Altro discorso è quello relativo al rifiuto assoluto della violenza, espresso da alcune componenti pacifiste. Cercheremo di confrontarci anche su questo spinosissimo problema in un altro scritto. Qui vogliamo solo anticipare due concetti.

Per quanto ci riguarda, cioè come comunisti, noi non opponiamo alla lotta pacifica la mistica della violenza; anzi noi non pensiamo neanche di dover suscitare la violenza. Anche se voi pacifisti assoluti non siete d’accordo neppure su questo, riteniamo di doverci limitare ad organizzare la violenza, che purtroppo scaturisce dalle viscere di questa società, per razionalizzarla e limitarla nei limiti del possibile. Assumendola anche criticamente e senza enfatizzarla per le sue presunte funzioni catartiche. Di più: anche una rivoluzione, che dovesse vedere alcuni settori sociali in armi, avrà il contributo di altri settori che continueranno a lottare senza ricorrere alla violenza aggressiva e distruttiva. Questo contributo noi non lo consideriamo di seconda classe.

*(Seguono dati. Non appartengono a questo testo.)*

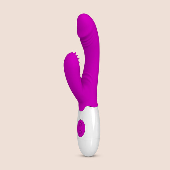 Hey there, love bunny! Are you ready to get your bunny on? This dual rabbit stimulator is going to hit all the right spots and make you quiver with delight. The curved shaft is going to reach deep and give you those inner hot zones the attention they deserve. And the silicone petals on the clitoral stimulator? They're going to give your love bud the ultimate massage and make you purr with pleasure. Plus, you can customize your experience with 7 powerful vibration modes and 3 modes of squirm. Trust us, this little bunny is going to make your hoppiest dreams come true.
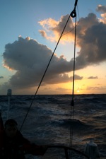 Wir denken, jetzt könne es immer so weitergehen. Das Wetter ist konstant. Gelegentlich ziehen ein paar Regenwolken mit den zugehörigen Winddrehungen auf. Aber wir wissen ja, dass morgen Landfall ist. Das Material wird schon irgendwie solange durchhalten. Die Ruderanlage macht nur auf Steuerbordbug Geräusche, auf dem anderen Bug ist sie ruhig. Vorsichtiges Steuern ist angesagt.
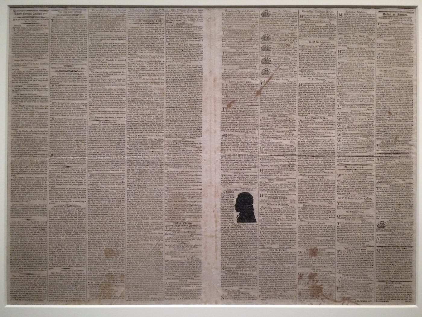 The oldest object on view also documents an ugly reality, showing on brown paperboard one of the earliest known images of a slave in the United States, accompanied by a bill of sale. The life-sized portrait depicts a 19-year-old girl named Flora, who was bought for 25 pound sterling in 1796. Unlike Edouart’s later images, this one was purely functional, intended to catalogue human property; it is similar to a 1807 newspaper ad that hangs nearby and features a bold silhouette of a runaway slave known as “Sancho.” Writing in the exhibition catalogue, Naeem describes how the blackness of the historical silhouette functioned differently for white versus black sitters:
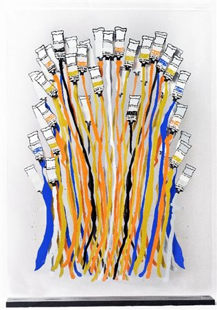 Arman (Nizza 1928 - New York 2005) SENZA TITOLO, 1968 Serigrafia su plexiglas, cm. 51x35x5, es. 31/150 Firma e tiratura in basso a sinistra. Sotto la base: etichetta "Galleria Neher", Essen, Germania. Autentica dell'Archivio "Denyse Durand- Ruel" su foto, carta semplice, con Archivio n° 31/150
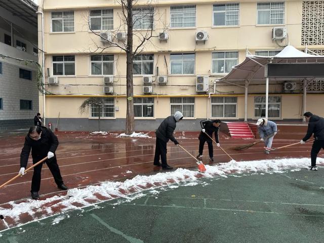寒风中,学校教职工是除雪行动的主力军。李超校长手持推雪板冲锋在前,带领老师们清理校园主干道厚雪。同时,社区工作人员发挥了关键协同作用。大家手持铁锹带头铲除社区主干道与校园衔接处的压实积冰。扫雪的“沙沙”声、铲冰的“嚓嚓”声与大家的吆喝声交织,成为冬日里最温暖的旋律。
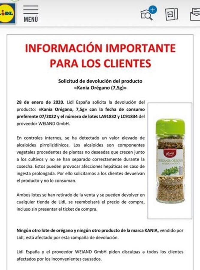 La cadena de supermercados Lidl España ha emitido este viernes una alerta dirigida a los consumidores tras detectar que dos lotes de orégano molido de la marca Kania presentaban valores elevados de una toxina.
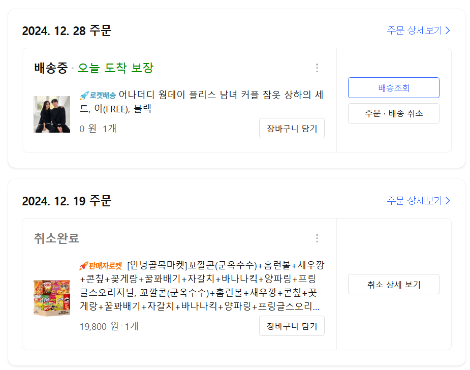 곰곰히 생각해보니 이 쿠팡 계정은 아예 사용을 하지 않아 그런건가 생각하고 구매이력을 만들어보았습니다.

Nel considerare quindi con rispetto la scelta di alcuni settori sociali e culturali di lottare pacificamente, sempre e ovunque, invitiamo questi settori a fare una considerazione critica. Come le lotte violente non sono generalizzabili nei movimenti generali e complessi, così non sono generalizzabili le lotte pacifiche. Ovviamente è fortissima la tentazione di ergersi a modello per ognuno che si fa portatore di una determinata pratica di lotta, con conseguenti confronti a base di censure e scomuniche. Tuttavia, nessuna scomunica può cambiare la complessa realtà di un movimento, che non scompare del tutto neppure nelle fasi di forte polarizzazione come ha dimostrato perfino l’incandescente rivoluzione russa. Più utile ci sembra invece un confronto che punti alla sinergia dei diversi comportamenti. Nel dire ciò, non ignoriamo che talvolta due forme di lotta in uno stesso movimento possono danneggiarsi a vicende e favorire l’avversario Quindi, il confronto non può non tendere anche a convincere che una delle due forme di lotta è sbagliata; ma deve tendervi, però, sapendo che non si sta discutendo di idee astratte che si possono modificare da un momento all’altro, bensì di comportamenti sociali impastati di sedimenti culturali, di sentimenti e di risentimenti, di una diversa percezione delle ingiustizie, di diverse urgenze economiche, di diverse stratificazioni sociali.

Alcune componenti pacifiste di ispirazione cattolica si sono invece allontanate dal movimento perché hanno ritenuto incompatibili certe forme di lotta praticate da alcuni gruppi particolarmente attirati dalle solite vetrine. Neanche noi amiamo spaccare le vetrine, tuttavia ancora una volta facciamo appello alla coerenza.

Queste componenti fanno ancora parte di un’istituzione che vanta cardinali come Ruini che fanno appello non tanto alla violenza su qualche vetrina ma a quella genocida degli eserciti. Per di più, esse organizzano convegni e conferenze con esponenti di quel DS, che si è vantato della spedizione punitiva sulla Serbia e ora sostiene la necessità di mantenere la presenza militare in Iraq magari sotto l’egida dell’ONU. Certo, durante questi convegni, ci si confronta tranquillamente, non si spaccano le vetrine, si ha l’impressione di stare tra la brava gente pacifica, nondimeno si collabora con soggetti che vogliono ferocemente imporre la pace nel mondo.

Ci spiegheranno queste componenti che, poiché la mitezza è transitiva, i suddetti incontri servono per contaminare i guerrafondai. Francamente, siamo ancora rozzamente convinti che sia più facile che un cammello passi per la cruna di un ago che un guerrafondaio diventi un pacifista…a meno che non lo si costringa.